Glick termed the ISO’s proposal “a set of minor but eminently reasonable changes” to ensure that the Part A exemption test reflects the commercial and regulatory realities under state policies. The majority’s order used “perfunctory reasoning that displays not even the slightest effort to wrestle with, or even correctly characterize, the arguments advanced by NYISO or the other supporting parties.”
He said the fact that the public policy resources are subject to the same market and interconnection rules as nonpublic policy resources is “irrelevant.”
“The commission has repeatedly recognized that state support may constitute a distinguishing factor that renders resources not similarly situated. For example, in its order accepting ISO New England’s Competitive Auctions with Sponsored Policy Resources construct, the commission approved of an entire new market — the substitution auction — that was open only to state-sponsored resources,” he said.
The order “appears to stake out the new, and even more radical, position that it is improper for an RTO to design its Tariff in a way that even acknowledges, much less accommodates, state public policies — an approach that is both fundamentally misguided and a striking departure from commission precedent and practice,” Glick said.
The majority “puts RTOs and ISOs in an impossible position, forcing them to juggle the commission’s ideological antipathy toward state efforts to shape the resource mix with the realities that Congress gave states responsibility over resource decision-making and that the physical system will ultimately, and rightfully, reflect those state choices. …
“The proposal received a supermajority of votes in the stakeholder process, and not a single party protested this issue before the commission, including any of the generator groups that have cheered on the commission’s slew of recent buyer-side mitigation orders. But, of course, the commission thinks it knows better than NYISO’s stakeholders, better than NYISO’s Market Monitoring Unit, better than the New York state Public Service Commission and better than the people of New York. …
“The most likely outcome of the commission’s misguided campaign to ‘protect’ capacity markets is their ultimate dissolution. Today’s order makes that result all the more likely. New York is currently considering whether to ‘take back’ resource adequacy from NYISO, a move motivated in large part by the commission’s efforts to prevent the NYISO market from reflecting the state’s policy choices.
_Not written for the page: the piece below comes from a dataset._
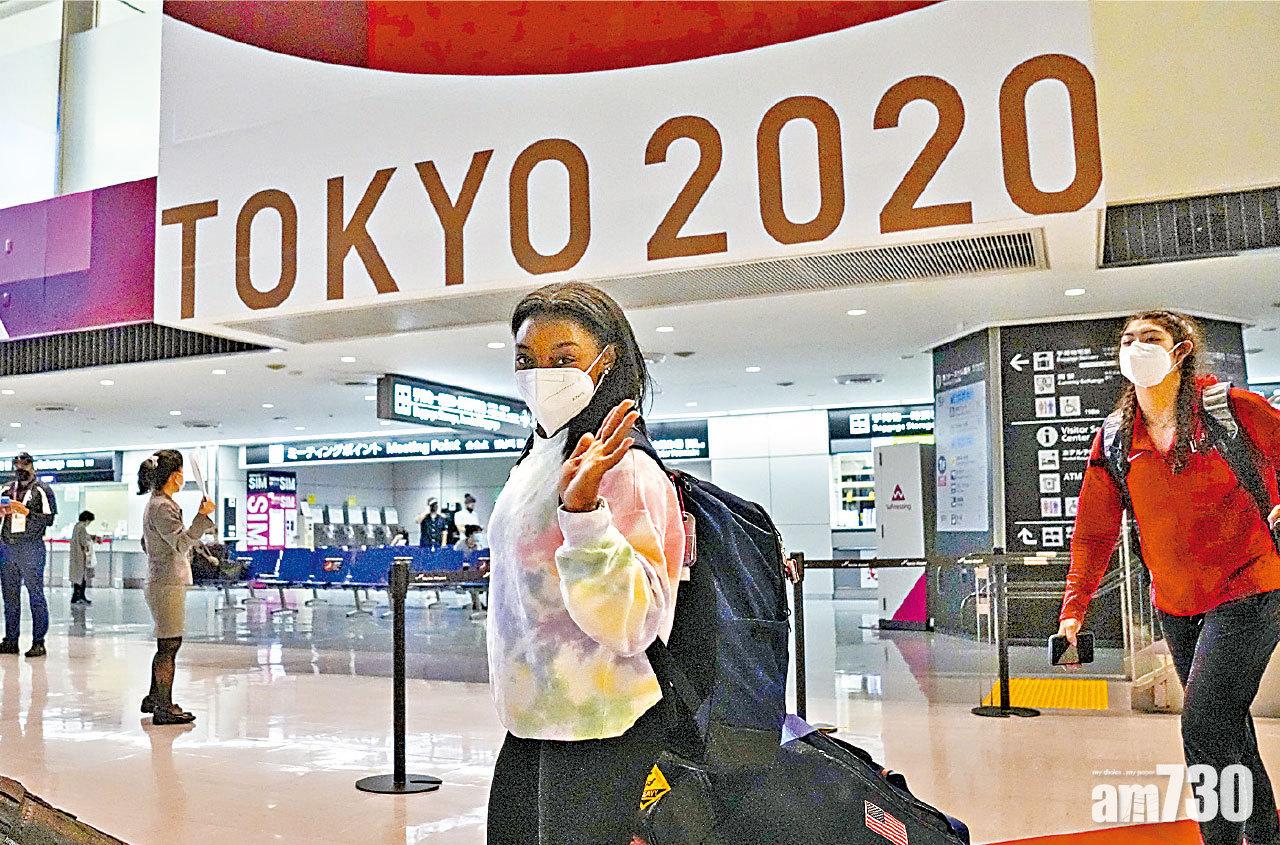 美國「體操女王」比拉絲昨抵達東京。(美聯社)

The evident hostility toward state policies displayed in this order will only add fuel to that fire.”
Reaction
“This decision is a stunning example of overreach from Washington, further proof that FERC-regulated wholesale capacity markets are fundamentally flawed. The FERC majority is once again demonstrating hostility to the legally established authority of states to determine how best to provide power to their citizens,” said Chris Casey, a senior attorney with the Natural Resources Defense Council.
“Like other states put in the same bind by FERC’s power grab, New York officials and the grid operator should work together to develop a state-controlled capacity market that serves the public interest while ensuring that New York can meet its clean energy goals.”